Before being interviewed on a radio program yesterday I mentioned that I was nervous. The words, “Radio always intimidates me” sting my ears as I re-read them now. Another belief that keeps me stuck and feeling ill equipped. Yesterday was not my first interview and I’m sure it won’t be the last. As a recording artist, part of promoting my music means I have to put myself in the public eye. I have to speak up and give people a reason to listen to what God has laid on my heart through song. Each experience equips me for the next one. Ah, there it is. He has answered my prayer!


Equip means ‘to supply’. Equip means ‘to prepare’.

He supplies our needs in His timing. He prepares us for what comes next with each experience. It doesn’t always come at once. That would be too overwhelming to take in.


My brother John has the perfect radio voice. He worked at a radio station for most of his life. He’s a natural! He started off as a DJ, and whether it was a house party, or on the campus of the local university, or at the roller skating rink he was letting the words flow and keeping everyone happy and dancing and in a good mood. Before he ever hit the airwaves he was a master on the microphone. One day, when I was around 16 years old, I had to take a meal to him at the station he was working at. He mentioned my name on the air and started a conversation with me. With a nervous giggle I managed to say, “you’re welcome”. And got out of there as fast as I could. That was the day the belief formed in me that I can’t handle radio. I knew I could never do it as naturally as he does. I need God’s gentle reminders that I’m not an awkward 16 year old anymore. And that I’m capable of learning to do things that don’t come naturally. God quips us in order to produce in us every good thing that is pleasing to Him.

It pleases Him for us to give Him glory. It pleases Him when we trust in His plans. It pleases Him when we let go of self and move forward with the task we’ve been given to do. It pleases Him when we do not despise the small increments of growth we endure as we get started. He rejoices, it says in Zechariah 4:10, to see the work begin.
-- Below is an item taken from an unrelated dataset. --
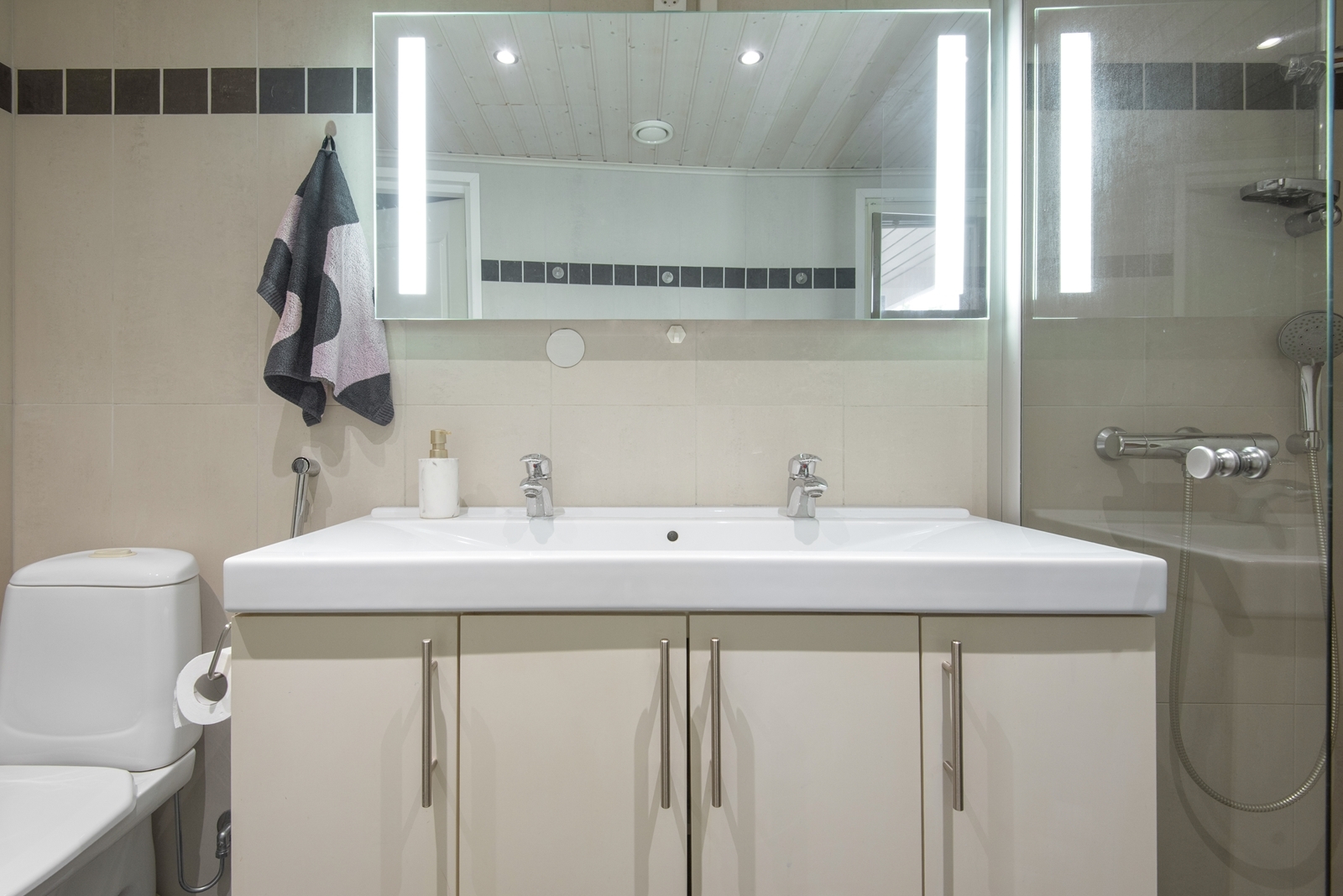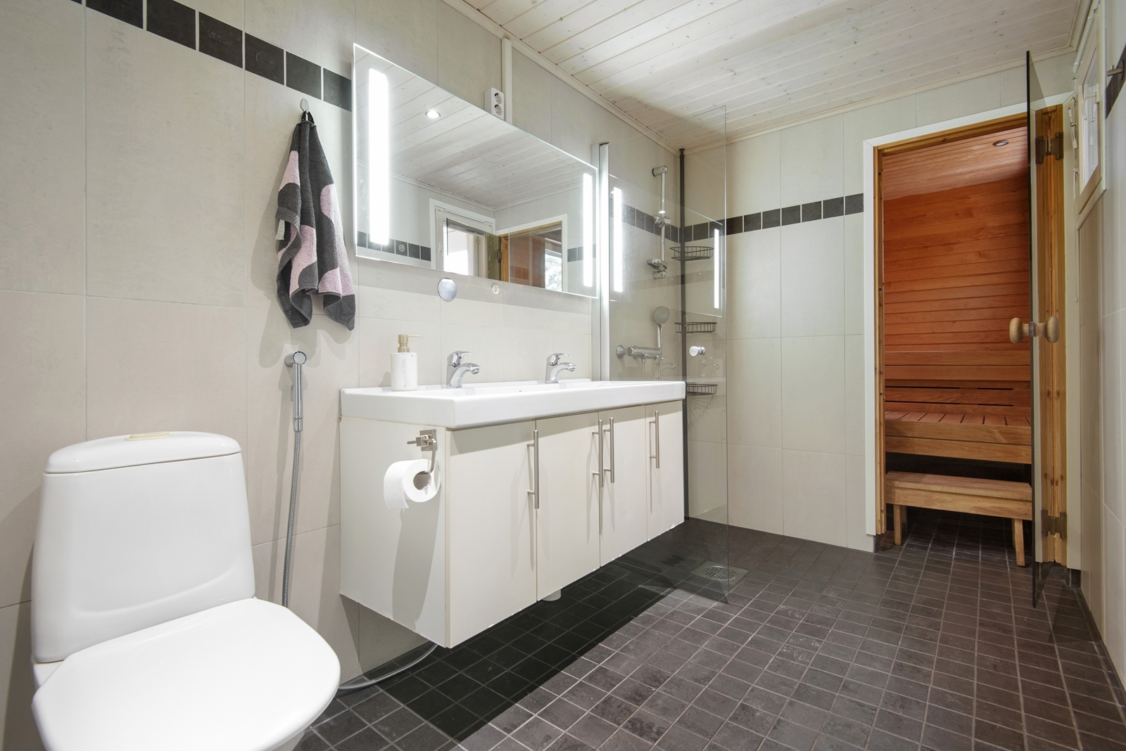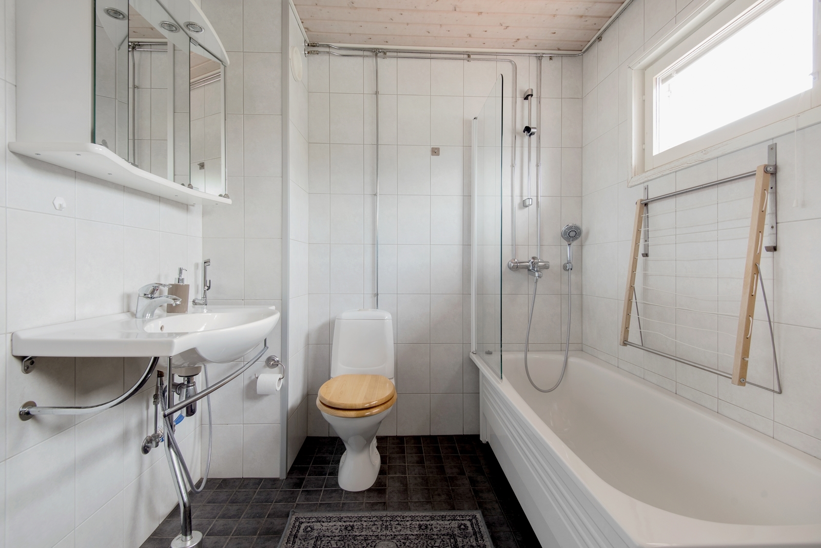 WC-istuin, lattialämmitys, kylpyamme ja suihku, seinät (kaakeli), lattiat (laatta) |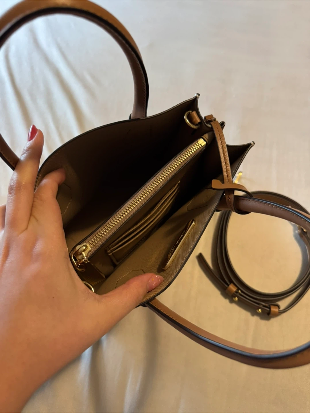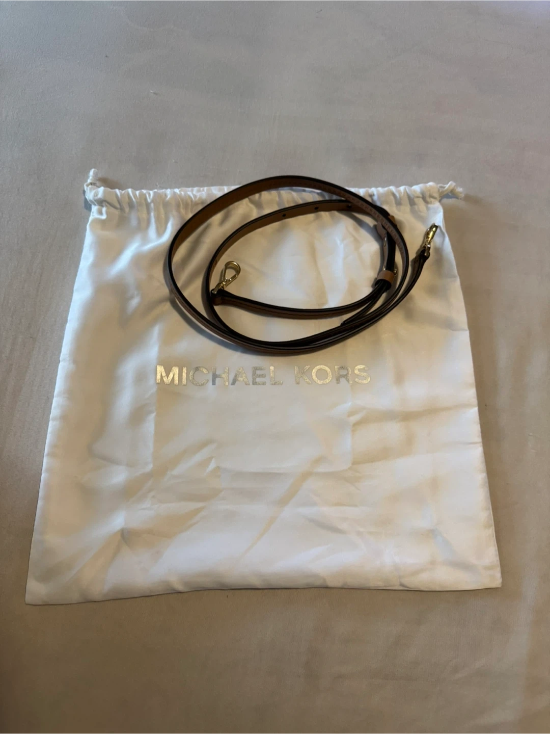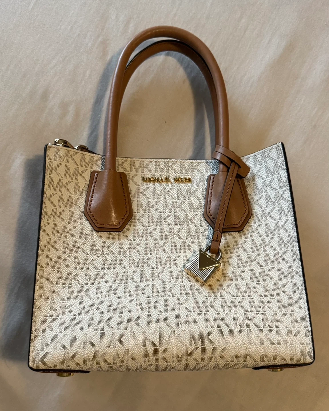Michael Kors satchel handbag with signature logo print and tan leather trim. Comes with a dust bag and adjustable shoulder strap. Interior zip pocket and card slots included.

Over the years my brother’s DJ voice grew from one people listened to with excitement at a party to one that people listened to for information and took comfort in during a storm. God’s equipping is not a magic wand waved over our heads. It is forged in the trenches as we dig through the dailiness of the task He set before us. He calls us and He equips us for His glory and for our transformation. May each of us relax, take a step back from striving, and let His work begin in us.